No matter how he had tried to divert Belinda Niblett from yet another screed on the importance of diversity, educational reform, and social justice, she returned to them with a vengeance. Her husband sat quietly by while his wife went on about the white man, the black man, and historical recalibration; but couldn’t keep his own bile down, and added a non sequitur here and there, adding anger and blight to the argument but no clarity.
Enough is enough, said Frogmore. Scratch them.
Then there were the Spewleys who bought and sold houses, moving up, out, and back in depending on the market. They could be anywhere at any given time – Bethesda, Northwest, Chevy Chase – and were always in a state of moving, remodeling, refinishing, and expanding. Discussions around their dinner table were all about hardware, plumbing, electrical wiring, wood flooring, high performance ceiling fans, grommets, grouting, track lighting, and garage space. Their outings were all to Home Depot, Strosniders, Target, and Ace Hardware. Their boys knew nothing but making, adjusting, and replacing things.
Betty Harrow was a member of three book clubs, all of which discussed historical fiction, the romanticized tales of pioneer wives, Southern belles, Reconstruction refugees, and Revolutionary War heroines. The books were one cut above dime-a-dozen romantic fiction – the stories of love triangles, unfaithful husbands, and the longing for love and respect that women bought in the millions.
Betty was so enthused by her clubs and the books they discussed and so convinced that she was becoming more literary, history-minded, knowledgeable every week that she couldn’t stop talking about them. She banged on over her pasta primavera and turkey tetrazzini about Lassie Bitters, a young woman who, crossing the continent during Westward Expansion, gave birth to triplets and survived to fight the Apaches who greeted them in Colorado; or about Lucinda Proffitt, maid of Abingdon Manor who married a prince.
The Gridders had a private income, lived in townhouse in Alexandria, and talked only about boats, oyster farming (Claude Gridder’s latest hobby), and the invasion of new money in Old Town.
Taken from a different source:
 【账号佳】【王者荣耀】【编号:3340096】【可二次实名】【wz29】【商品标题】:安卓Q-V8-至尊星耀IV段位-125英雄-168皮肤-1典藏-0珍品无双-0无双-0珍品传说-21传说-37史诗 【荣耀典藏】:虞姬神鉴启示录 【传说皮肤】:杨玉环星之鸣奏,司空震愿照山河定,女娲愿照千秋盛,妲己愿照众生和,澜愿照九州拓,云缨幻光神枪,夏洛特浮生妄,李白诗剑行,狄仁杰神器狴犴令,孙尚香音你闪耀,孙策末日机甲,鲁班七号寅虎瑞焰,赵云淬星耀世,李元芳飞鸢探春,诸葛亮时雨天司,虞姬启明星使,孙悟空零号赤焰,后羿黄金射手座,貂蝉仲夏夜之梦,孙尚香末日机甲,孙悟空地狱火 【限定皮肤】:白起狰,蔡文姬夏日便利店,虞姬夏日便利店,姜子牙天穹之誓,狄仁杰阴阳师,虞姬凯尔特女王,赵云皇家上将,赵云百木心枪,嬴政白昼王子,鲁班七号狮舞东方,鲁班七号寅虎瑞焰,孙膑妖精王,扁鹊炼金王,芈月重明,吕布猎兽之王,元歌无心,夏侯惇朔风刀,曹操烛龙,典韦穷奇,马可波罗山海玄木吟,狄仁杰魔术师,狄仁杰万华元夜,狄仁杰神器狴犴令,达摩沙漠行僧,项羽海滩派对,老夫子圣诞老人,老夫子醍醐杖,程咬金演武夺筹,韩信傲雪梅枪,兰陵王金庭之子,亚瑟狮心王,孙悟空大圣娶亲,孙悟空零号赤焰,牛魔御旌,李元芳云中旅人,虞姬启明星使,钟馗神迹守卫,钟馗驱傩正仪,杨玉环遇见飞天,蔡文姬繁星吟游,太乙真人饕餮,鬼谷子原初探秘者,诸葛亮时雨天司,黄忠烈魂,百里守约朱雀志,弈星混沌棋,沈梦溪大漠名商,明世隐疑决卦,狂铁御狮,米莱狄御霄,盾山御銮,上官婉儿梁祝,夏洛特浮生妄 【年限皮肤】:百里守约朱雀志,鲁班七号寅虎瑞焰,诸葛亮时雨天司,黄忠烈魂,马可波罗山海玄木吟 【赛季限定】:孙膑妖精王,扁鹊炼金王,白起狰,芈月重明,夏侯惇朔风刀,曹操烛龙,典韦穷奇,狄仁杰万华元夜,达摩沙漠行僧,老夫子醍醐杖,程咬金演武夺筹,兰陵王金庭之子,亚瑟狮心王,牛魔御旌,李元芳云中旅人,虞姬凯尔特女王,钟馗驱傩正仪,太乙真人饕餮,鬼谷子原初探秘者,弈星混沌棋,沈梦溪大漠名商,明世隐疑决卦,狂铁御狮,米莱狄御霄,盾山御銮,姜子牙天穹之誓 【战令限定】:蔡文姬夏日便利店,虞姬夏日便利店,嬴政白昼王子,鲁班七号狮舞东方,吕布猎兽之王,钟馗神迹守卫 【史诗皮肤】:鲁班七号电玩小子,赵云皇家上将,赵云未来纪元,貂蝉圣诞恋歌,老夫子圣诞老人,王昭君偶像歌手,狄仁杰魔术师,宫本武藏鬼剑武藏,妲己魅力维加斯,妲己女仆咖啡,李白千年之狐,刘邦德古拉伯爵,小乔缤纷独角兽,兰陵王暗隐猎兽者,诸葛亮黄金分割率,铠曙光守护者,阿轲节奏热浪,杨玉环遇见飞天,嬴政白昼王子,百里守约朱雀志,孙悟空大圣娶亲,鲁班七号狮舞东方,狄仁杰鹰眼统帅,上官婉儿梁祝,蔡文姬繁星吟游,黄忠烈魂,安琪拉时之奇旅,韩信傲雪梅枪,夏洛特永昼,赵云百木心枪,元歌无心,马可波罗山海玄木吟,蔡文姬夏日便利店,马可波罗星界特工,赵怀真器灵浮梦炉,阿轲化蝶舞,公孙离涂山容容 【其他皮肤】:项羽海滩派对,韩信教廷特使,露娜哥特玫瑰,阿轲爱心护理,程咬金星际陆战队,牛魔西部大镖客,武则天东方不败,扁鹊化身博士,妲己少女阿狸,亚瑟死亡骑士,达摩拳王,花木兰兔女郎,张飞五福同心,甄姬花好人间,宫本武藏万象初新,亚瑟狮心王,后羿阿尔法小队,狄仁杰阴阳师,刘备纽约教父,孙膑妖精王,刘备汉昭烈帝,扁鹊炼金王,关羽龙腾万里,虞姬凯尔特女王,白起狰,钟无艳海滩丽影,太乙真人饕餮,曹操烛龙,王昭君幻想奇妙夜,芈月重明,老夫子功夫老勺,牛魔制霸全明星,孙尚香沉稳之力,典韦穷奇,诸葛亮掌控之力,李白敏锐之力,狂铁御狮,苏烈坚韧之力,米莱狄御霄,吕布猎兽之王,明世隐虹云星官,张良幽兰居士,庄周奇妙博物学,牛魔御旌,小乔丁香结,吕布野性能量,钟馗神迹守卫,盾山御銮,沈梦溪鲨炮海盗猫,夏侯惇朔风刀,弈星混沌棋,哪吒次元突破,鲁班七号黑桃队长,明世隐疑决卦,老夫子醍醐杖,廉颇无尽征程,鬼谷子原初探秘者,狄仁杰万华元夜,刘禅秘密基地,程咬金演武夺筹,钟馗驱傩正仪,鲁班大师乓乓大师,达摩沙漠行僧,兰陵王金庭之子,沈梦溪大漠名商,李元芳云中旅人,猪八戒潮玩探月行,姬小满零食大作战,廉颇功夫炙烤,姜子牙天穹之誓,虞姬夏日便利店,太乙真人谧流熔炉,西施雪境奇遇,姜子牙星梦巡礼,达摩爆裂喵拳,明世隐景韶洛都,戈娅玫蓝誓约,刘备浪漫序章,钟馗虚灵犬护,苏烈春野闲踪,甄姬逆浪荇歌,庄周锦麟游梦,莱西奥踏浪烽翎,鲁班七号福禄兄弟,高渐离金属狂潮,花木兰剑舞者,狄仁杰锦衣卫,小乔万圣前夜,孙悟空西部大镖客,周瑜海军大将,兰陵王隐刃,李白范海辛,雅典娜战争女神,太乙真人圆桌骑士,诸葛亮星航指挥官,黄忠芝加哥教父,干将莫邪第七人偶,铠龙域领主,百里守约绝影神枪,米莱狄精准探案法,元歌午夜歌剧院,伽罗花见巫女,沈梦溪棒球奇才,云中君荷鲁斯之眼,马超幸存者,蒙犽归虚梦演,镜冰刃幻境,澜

Nancy Gridder’s eccentricities – quirky dress, off-handed referential humor, and love of pewter – had worn thin years ago; but the Frogmores continued to see them for the occasional fondue. “They have to go”, Bob said.
“We have no friends left”, said Marcie after her husband had drawn a thick black line through the last of the entries in their address book; and despite her appeals to ‘branch out’, find new acquaintances, he demurred. “Who”, he asked, “do you have in mind?” The next door neighbors who obsessed about parking spaces? The ones across the street who lived with no air conditioning, no salt, no processed foods, and no meat? Or the ones down the block who were hoarders and recluses?
As much as Bob Frogmore had resented his wife’s singlemindedness about the basement, he had to smile at the idea of his parallel dumping; and ironically thanks to her obsession, the future was finally clear sailing without the impedimenta of the Gridders, the Harrows, the Nibletts, and the Spewleys.
Bob was a happy man. Thanks to his wife, he had figured out a way to get rid of annoying static and noise, and to pay no attention to anything that didn't matter to him. Given the amount of static and noise that had been in his life, that was saying something.